Again, the barycentric coordinates tell you whether the point is inside the tetrahedron. The rules from the previous section generalize so that you can tell whether a point is on a face, edge, or vertex:

- A point is inside the tetrahedron if the barycentric coordinates are all positive.
- A point is outside the tetrahedron if any barycentric coordinate is negative.
- If a point is inside the tetrahedron and a barycentric coordinate is 0, the point is on a face, edge, or vertex. For example, the coordinates of the second point have one zero, so the point is on a face. The coordinates of the third point have two zeros, so the point is on an edge, and so forth.

### Summary

This article shows how to use linear algebra and geometry to define barycentric coordinates for a triangle or a tetrahedron. You can compute barycentric coordinates by using a matrix formulation that works for any nondegenerate tetrahedron, regardless of the dimensions of the points. By using the barycentric coordinates, you can determine whether a point is inside or outside of a tetrahedron. You can even identify points that are on faces, edges, or vertices of the reference tetrahedron.

## 2 Comments

Rick,

This algorithm can apply to any 2-D polygon ?

I know PROC GINSIDE can do the same thing (include the example of this blog).

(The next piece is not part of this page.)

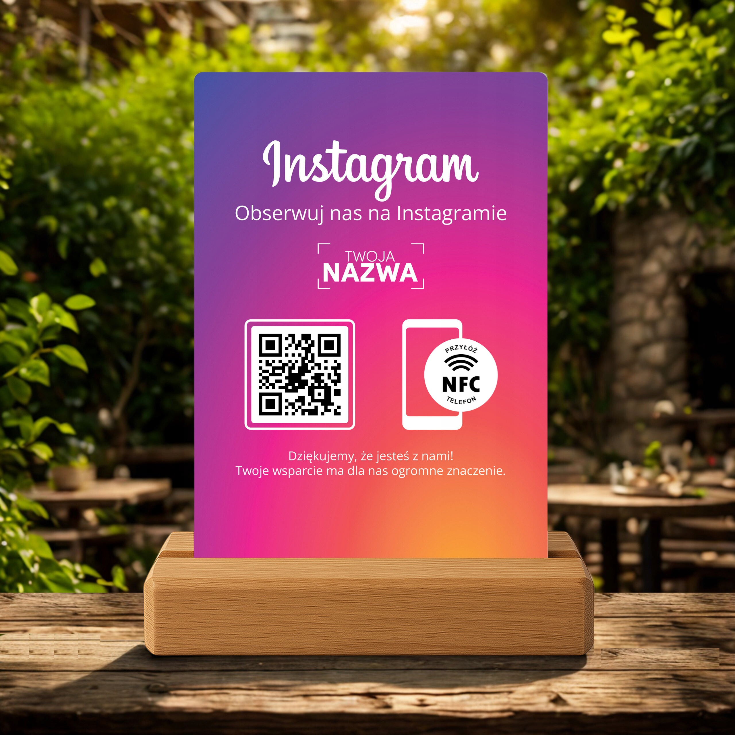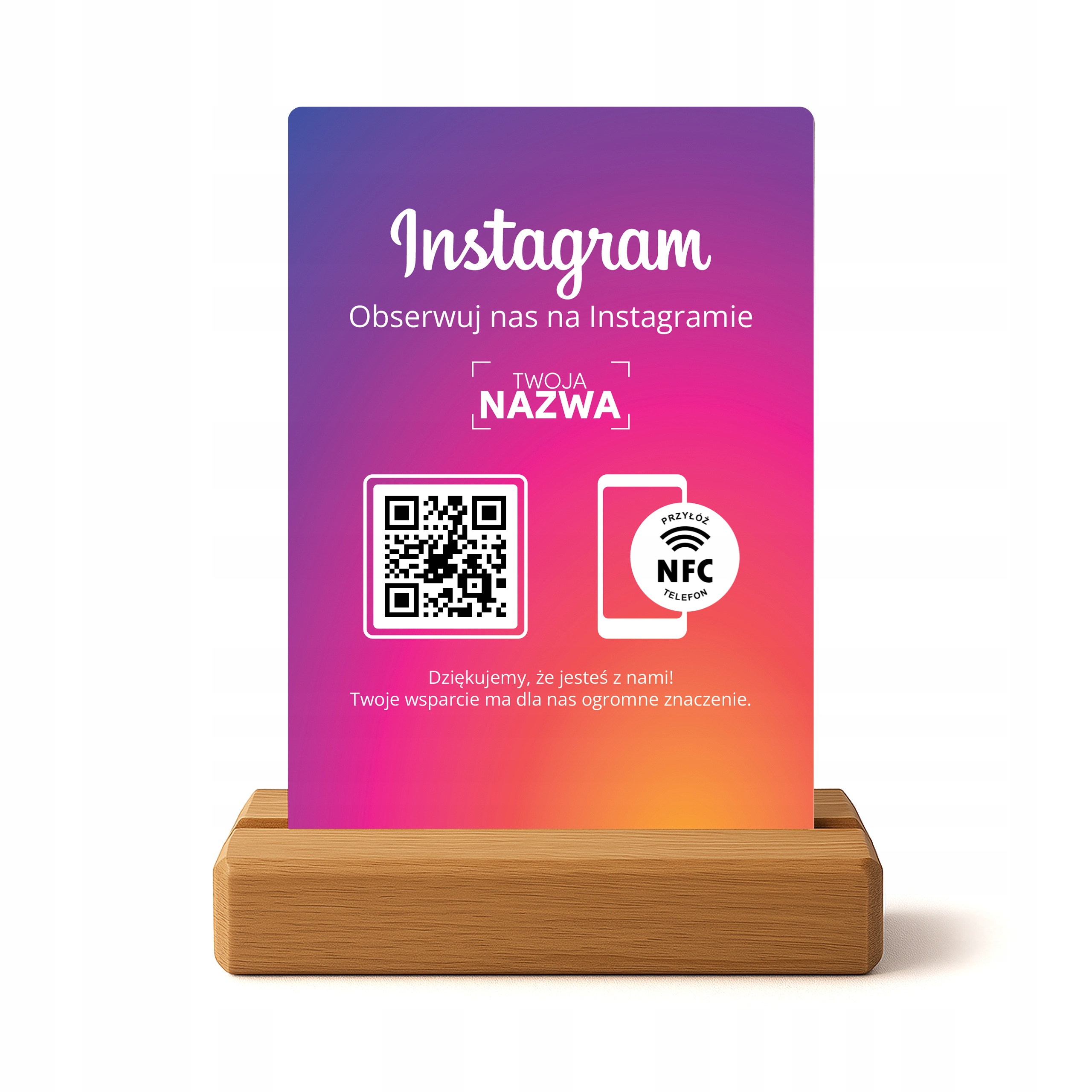 Естетична підставка Instagram із QR-кодом і технологією NFC – це спосіб ефективно заохотити клієнтів стежити за вашим профілем. Ми персоналізуємо знак із назвою вашого облікового запису, щоб він виглядав професійно та створював впізнаваність бренду.
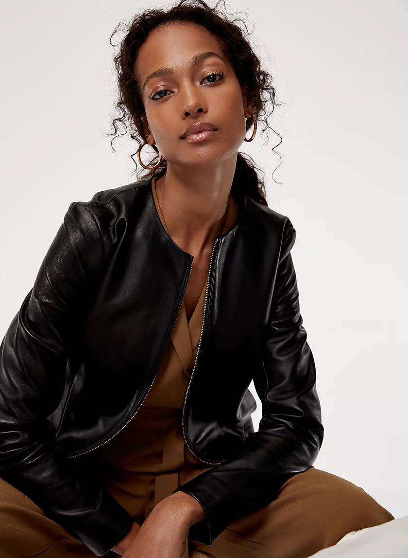 Details: Supple leather, minimalist lines Taking a more minimalist approach to the leather jacket, the Jett is designed with clean lines and streamlined pockets. It's cut from the world's finest sheepskin leather: supple, strong and made to last a lifetime. Over time, the leather will soften and develop a lived-in feel β just like a true classic. The body is lined in a breathable cotton blend for comfort.

This article is about barycentric coordinates, which happen to solve the point-in-polygon problem for a triangle. To classify whether a point is inside an arbitrary polygon, I suggest downloading and using the 'polygon' package in SAS IML. The package includes the PolyPtInside function, which uses the winding number of a polygon to solve the problem. For details, see Wicklin (2016). There is an example on p. 3.